##### Input data #####

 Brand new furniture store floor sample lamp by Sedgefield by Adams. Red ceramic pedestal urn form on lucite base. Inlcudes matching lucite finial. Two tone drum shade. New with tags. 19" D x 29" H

#####
##### Input data #####

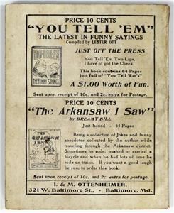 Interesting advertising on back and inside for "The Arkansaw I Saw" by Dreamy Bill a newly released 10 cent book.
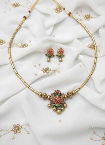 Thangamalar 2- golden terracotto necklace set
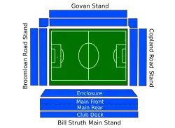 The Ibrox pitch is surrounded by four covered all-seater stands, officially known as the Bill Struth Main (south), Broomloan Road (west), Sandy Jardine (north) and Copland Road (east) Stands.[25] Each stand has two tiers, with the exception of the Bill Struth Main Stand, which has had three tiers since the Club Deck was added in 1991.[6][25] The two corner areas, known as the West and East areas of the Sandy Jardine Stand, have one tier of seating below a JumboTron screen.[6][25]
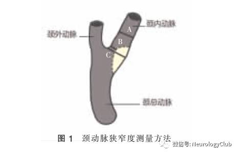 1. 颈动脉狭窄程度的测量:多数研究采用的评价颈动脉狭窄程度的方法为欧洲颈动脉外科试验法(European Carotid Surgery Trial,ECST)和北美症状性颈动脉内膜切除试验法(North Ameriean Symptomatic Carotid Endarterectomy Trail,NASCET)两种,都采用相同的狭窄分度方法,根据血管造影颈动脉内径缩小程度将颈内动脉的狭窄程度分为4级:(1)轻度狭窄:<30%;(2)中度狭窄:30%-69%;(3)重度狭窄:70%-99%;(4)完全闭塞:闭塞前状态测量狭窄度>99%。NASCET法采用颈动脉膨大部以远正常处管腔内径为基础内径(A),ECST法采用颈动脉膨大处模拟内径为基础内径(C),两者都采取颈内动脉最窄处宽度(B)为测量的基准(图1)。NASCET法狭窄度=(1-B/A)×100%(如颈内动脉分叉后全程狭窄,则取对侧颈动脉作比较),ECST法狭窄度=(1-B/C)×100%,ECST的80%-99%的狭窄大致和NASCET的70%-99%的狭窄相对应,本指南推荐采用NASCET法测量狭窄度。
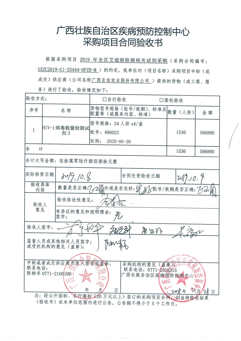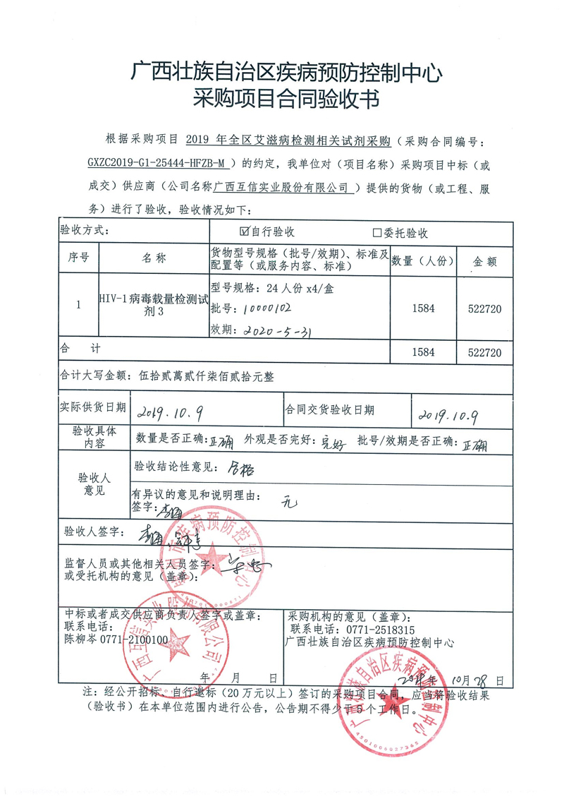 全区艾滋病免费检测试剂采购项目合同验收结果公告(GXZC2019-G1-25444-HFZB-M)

#####

Action item: Copy everything above from the line holding "The Ibrox pitch" down to the line holding "全区艾滋病免费检测试剂采购项", both ends included, exactly as it stands and without the pictures.

Expected output:
 The Ibrox pitch is surrounded by four covered all-seater stands, officially known as the Bill Struth Main (south), Broomloan Road (west), Sandy Jardine (north) and Copland Road (east) Stands.[25] Each stand has two tiers, with the exception of the Bill Struth Main Stand, which has had three tiers since the Club Deck was added in 1991.[6][25] The two corner areas, known as the West and East areas of the Sandy Jardine Stand, have one tier of seating below a JumboTron screen.[6][25]
 1. 颈动脉狭窄程度的测量:多数研究采用的评价颈动脉狭窄程度的方法为欧洲颈动脉外科试验法(European Carotid Surgery Trial,ECST)和北美症状性颈动脉内膜切除试验法(North Ameriean Symptomatic Carotid Endarterectomy Trail,NASCET)两种,都采用相同的狭窄分度方法,根据血管造影颈动脉内径缩小程度将颈内动脉的狭窄程度分为4级:(1)轻度狭窄:<30%;(2)中度狭窄:30%-69%;(3)重度狭窄:70%-99%;(4)完全闭塞:闭塞前状态测量狭窄度>99%。NASCET法采用颈动脉膨大部以远正常处管腔内径为基础内径(A),ECST法采用颈动脉膨大处模拟内径为基础内径(C),两者都采取颈内动脉最窄处宽度(B)为测量的基准(图1)。NASCET法狭窄度=(1-B/A)×100%(如颈内动脉分叉后全程狭窄,则取对侧颈动脉作比较),ECST法狭窄度=(1-B/C)×100%,ECST的80%-99%的狭窄大致和NASCET的70%-99%的狭窄相对应,本指南推荐采用NASCET法测量狭窄度。
 全区艾滋病免费检测试剂采购项目合同验收结果公告(GXZC2019-G1-25444-HFZB-M)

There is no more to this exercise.